• [WHAT THE TASK REQUIRES]: Below this line are records; transcribe exactly the lines between the one holding "鮮豔彩色英文愛心蝴蝶鳥眼布(幅寬160公分)" and the one holding "Cremer PC, Klein", inclusive, and omit the pictures.

• [RECORDS PROVIDED]:
___

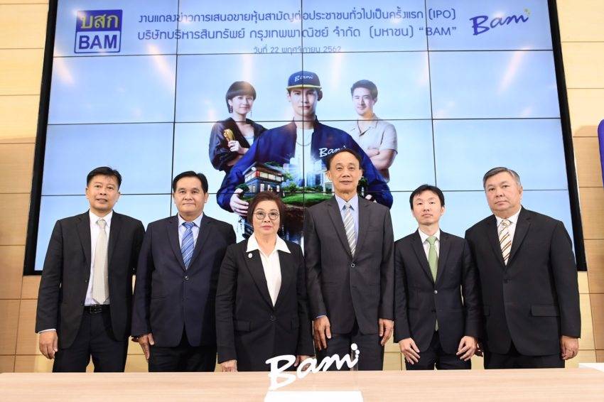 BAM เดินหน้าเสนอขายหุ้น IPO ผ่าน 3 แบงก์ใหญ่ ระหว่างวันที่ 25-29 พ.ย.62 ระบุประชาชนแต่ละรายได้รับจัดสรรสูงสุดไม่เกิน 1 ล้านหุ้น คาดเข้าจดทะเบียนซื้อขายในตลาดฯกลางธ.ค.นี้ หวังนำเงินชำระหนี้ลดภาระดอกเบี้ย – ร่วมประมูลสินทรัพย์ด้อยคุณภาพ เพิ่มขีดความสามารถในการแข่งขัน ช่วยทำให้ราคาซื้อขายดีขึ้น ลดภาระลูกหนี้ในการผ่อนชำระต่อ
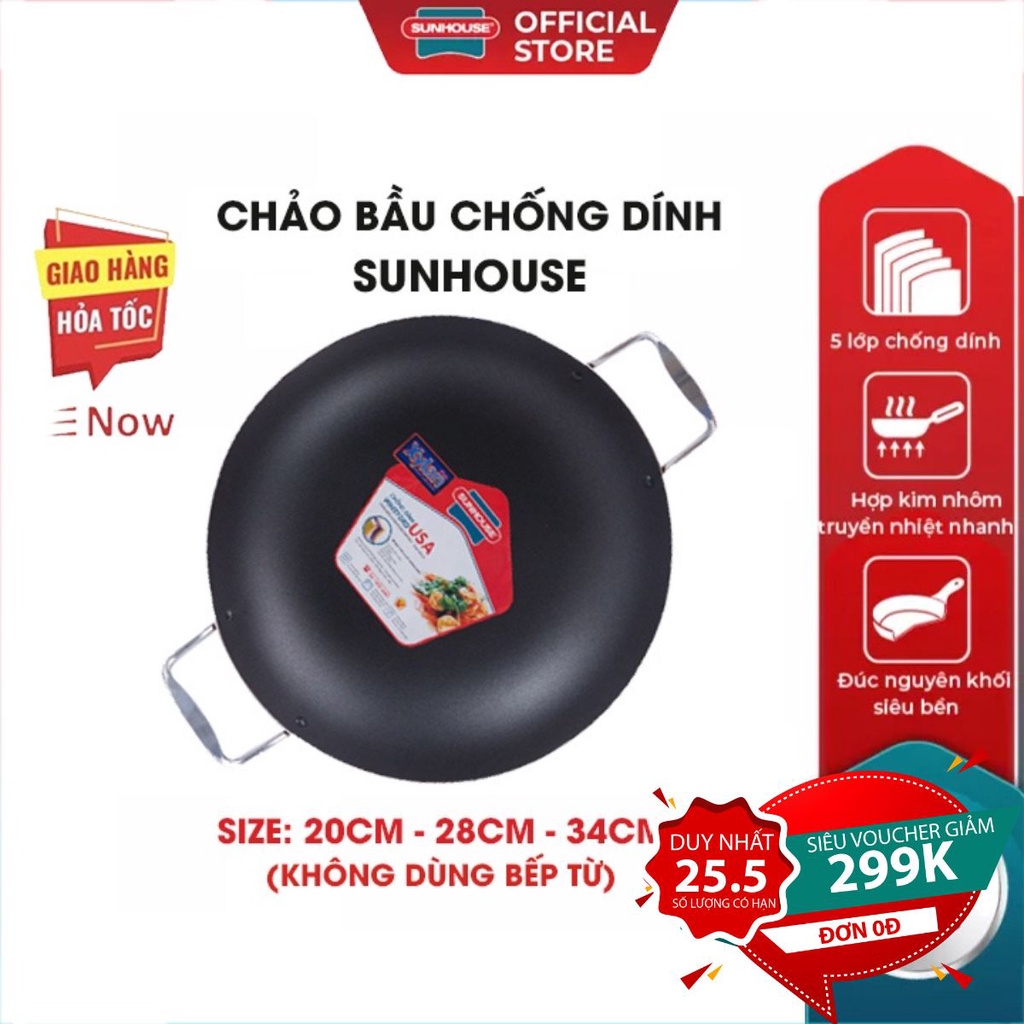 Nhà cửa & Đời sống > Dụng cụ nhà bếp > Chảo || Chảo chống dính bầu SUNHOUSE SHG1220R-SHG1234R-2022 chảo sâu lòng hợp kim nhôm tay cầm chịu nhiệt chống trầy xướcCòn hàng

___

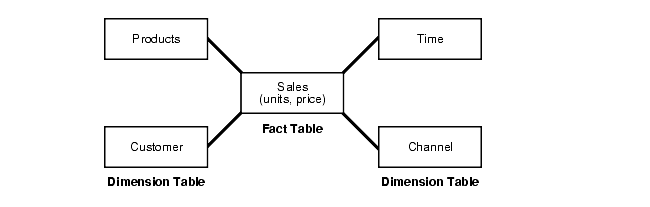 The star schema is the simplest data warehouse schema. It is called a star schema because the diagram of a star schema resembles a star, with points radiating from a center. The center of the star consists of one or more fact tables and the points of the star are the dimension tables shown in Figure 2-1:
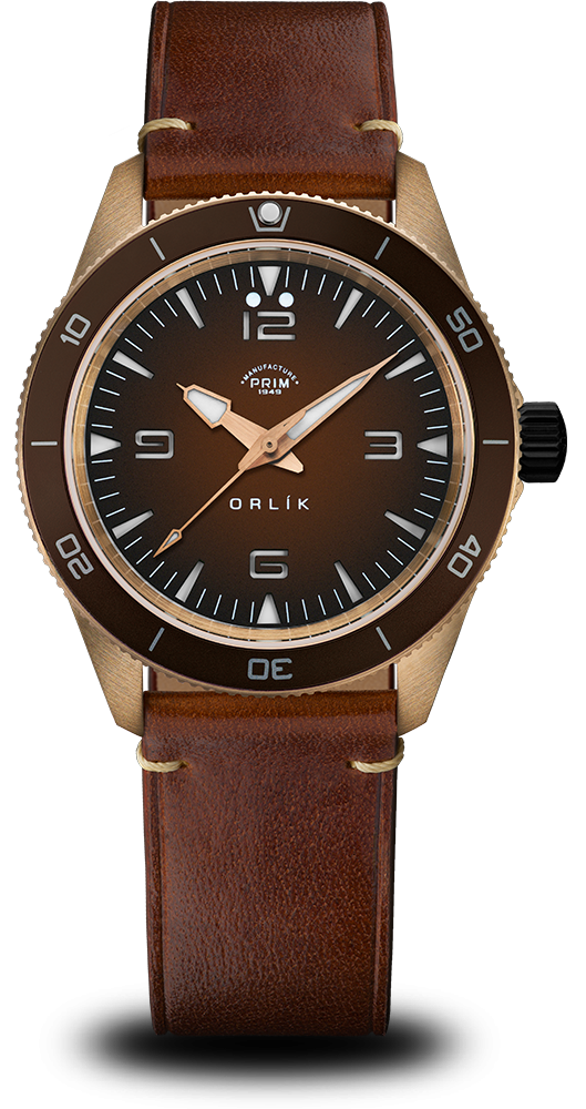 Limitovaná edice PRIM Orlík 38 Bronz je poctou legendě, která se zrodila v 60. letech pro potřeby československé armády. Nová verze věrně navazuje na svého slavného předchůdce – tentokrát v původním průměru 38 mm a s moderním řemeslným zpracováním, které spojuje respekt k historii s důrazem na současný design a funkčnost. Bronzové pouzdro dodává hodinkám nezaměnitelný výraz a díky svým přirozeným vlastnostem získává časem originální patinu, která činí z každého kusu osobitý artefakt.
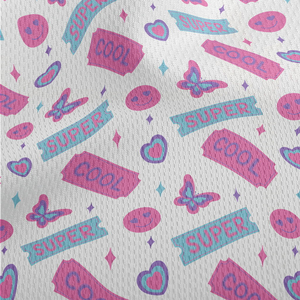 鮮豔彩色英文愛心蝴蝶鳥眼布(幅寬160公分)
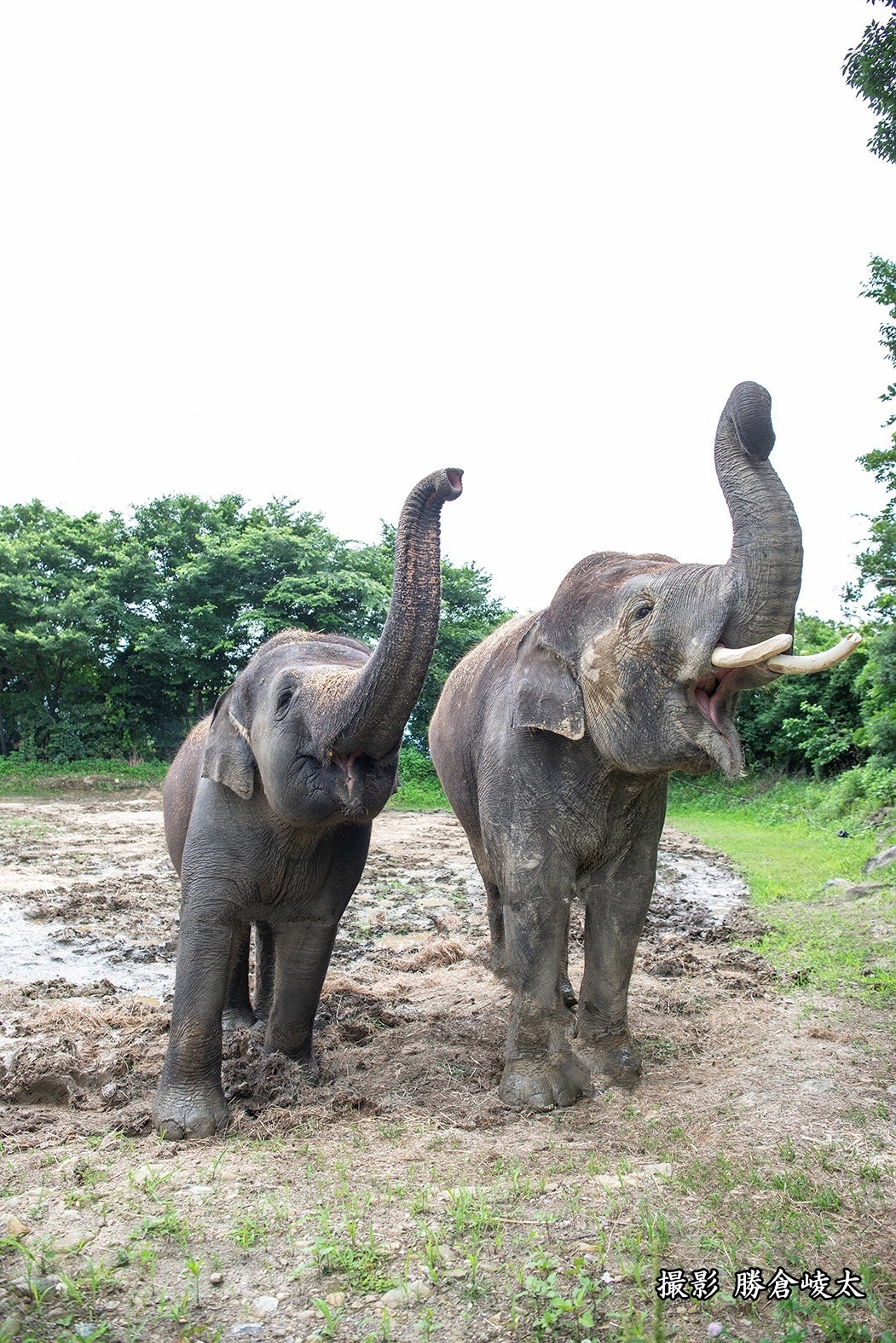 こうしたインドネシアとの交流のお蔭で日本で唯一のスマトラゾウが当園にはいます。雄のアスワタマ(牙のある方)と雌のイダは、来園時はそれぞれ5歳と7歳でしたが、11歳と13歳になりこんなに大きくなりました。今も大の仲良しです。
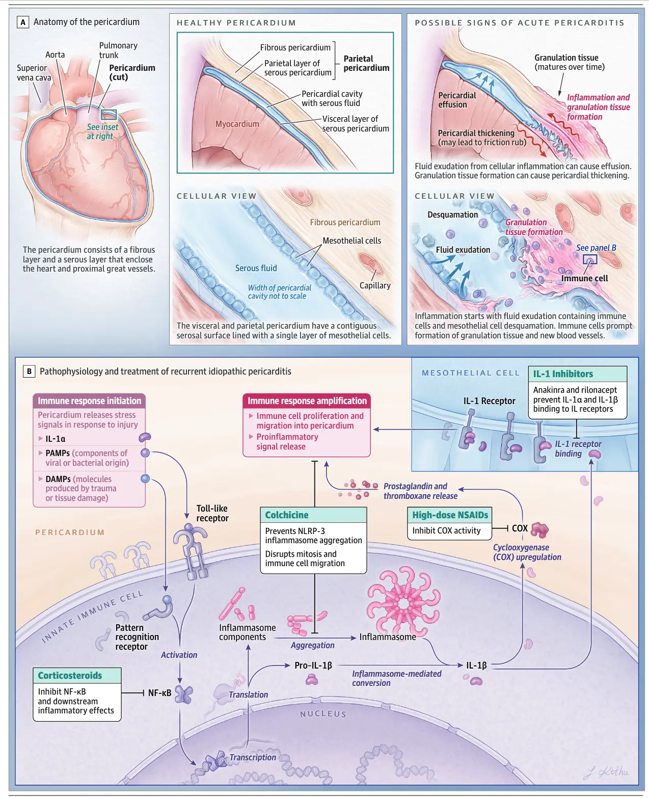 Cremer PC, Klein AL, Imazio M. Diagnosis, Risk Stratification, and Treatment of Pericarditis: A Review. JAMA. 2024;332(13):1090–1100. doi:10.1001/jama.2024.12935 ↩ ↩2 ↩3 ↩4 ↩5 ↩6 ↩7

___

• [OUTPUT OF THE TASK]:
 鮮豔彩色英文愛心蝴蝶鳥眼布(幅寬160公分)
 こうしたインドネシアとの交流のお蔭で日本で唯一のスマトラゾウが当園にはいます。雄のアスワタマ(牙のある方)と雌のイダは、来園時はそれぞれ5歳と7歳でしたが、11歳と13歳になりこんなに大きくなりました。今も大の仲良しです。
 Cremer PC, Klein AL, Imazio M. Diagnosis, Risk Stratification, and Treatment of Pericarditis: A Review. JAMA. 2024;332(13):1090–1100. doi:10.1001/jama.2024.12935 ↩ ↩2 ↩3 ↩4 ↩5 ↩6 ↩7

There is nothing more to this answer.